* **Records supplied**:
----------

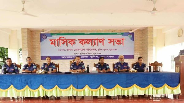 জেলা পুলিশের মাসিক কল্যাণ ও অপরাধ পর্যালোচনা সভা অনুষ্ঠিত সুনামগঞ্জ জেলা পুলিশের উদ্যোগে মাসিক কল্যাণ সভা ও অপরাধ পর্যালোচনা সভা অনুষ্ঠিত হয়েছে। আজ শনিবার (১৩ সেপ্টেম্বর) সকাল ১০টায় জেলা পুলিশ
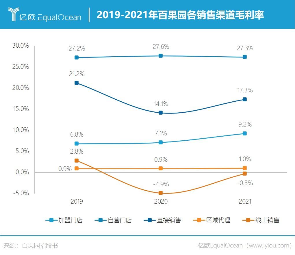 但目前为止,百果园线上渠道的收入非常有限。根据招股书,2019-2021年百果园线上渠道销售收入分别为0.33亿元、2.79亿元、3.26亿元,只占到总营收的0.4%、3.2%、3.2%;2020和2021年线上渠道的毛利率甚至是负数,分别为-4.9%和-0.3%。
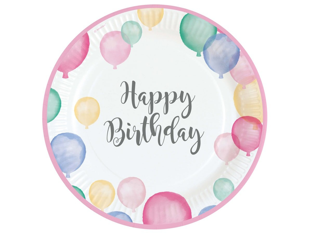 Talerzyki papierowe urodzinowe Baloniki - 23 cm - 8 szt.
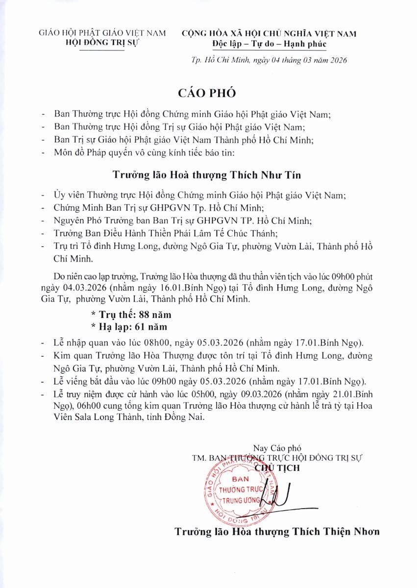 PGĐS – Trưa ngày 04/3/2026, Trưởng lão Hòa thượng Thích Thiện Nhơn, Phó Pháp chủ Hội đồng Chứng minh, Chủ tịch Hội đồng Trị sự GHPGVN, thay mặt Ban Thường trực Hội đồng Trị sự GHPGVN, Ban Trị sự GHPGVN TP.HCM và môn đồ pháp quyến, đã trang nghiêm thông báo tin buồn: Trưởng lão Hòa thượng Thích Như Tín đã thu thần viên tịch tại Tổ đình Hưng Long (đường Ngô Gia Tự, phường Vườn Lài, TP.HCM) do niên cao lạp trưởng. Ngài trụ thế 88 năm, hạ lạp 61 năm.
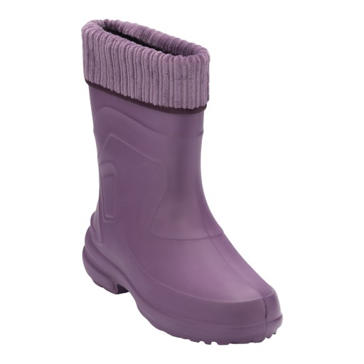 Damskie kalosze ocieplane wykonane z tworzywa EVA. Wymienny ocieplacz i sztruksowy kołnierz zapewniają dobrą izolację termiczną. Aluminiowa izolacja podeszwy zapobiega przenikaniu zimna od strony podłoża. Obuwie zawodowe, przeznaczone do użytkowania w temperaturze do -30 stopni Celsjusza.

----------

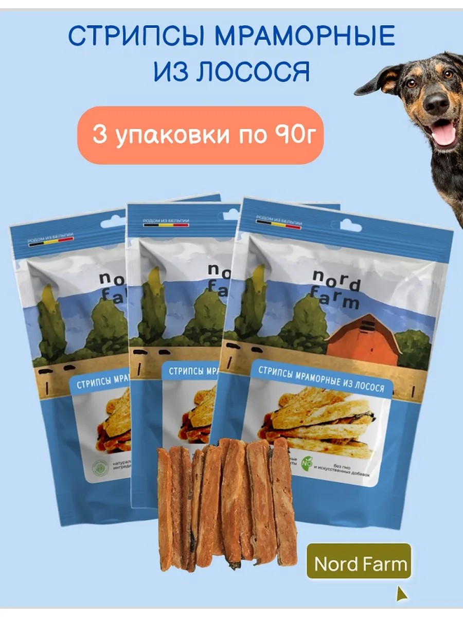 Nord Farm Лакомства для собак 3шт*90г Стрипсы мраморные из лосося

----------

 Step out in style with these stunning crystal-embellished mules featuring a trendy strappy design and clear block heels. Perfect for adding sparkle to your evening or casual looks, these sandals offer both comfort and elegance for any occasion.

----------

* **Exercise brief**: Above are some records. Reproduce the lines from the one with "但目前为止,百果园线上渠道的" down to the one with "Talerzyki papierowe urodzinowe", keeping both, and leave every picture out.

* **Solution below**:
 但目前为止,百果园线上渠道的收入非常有限。根据招股书,2019-2021年百果园线上渠道销售收入分别为0.33亿元、2.79亿元、3.26亿元,只占到总营收的0.4%、3.2%、3.2%;2020和2021年线上渠道的毛利率甚至是负数,分别为-4.9%和-0.3%。
 Talerzyki papierowe urodzinowe Baloniki - 23 cm - 8 szt.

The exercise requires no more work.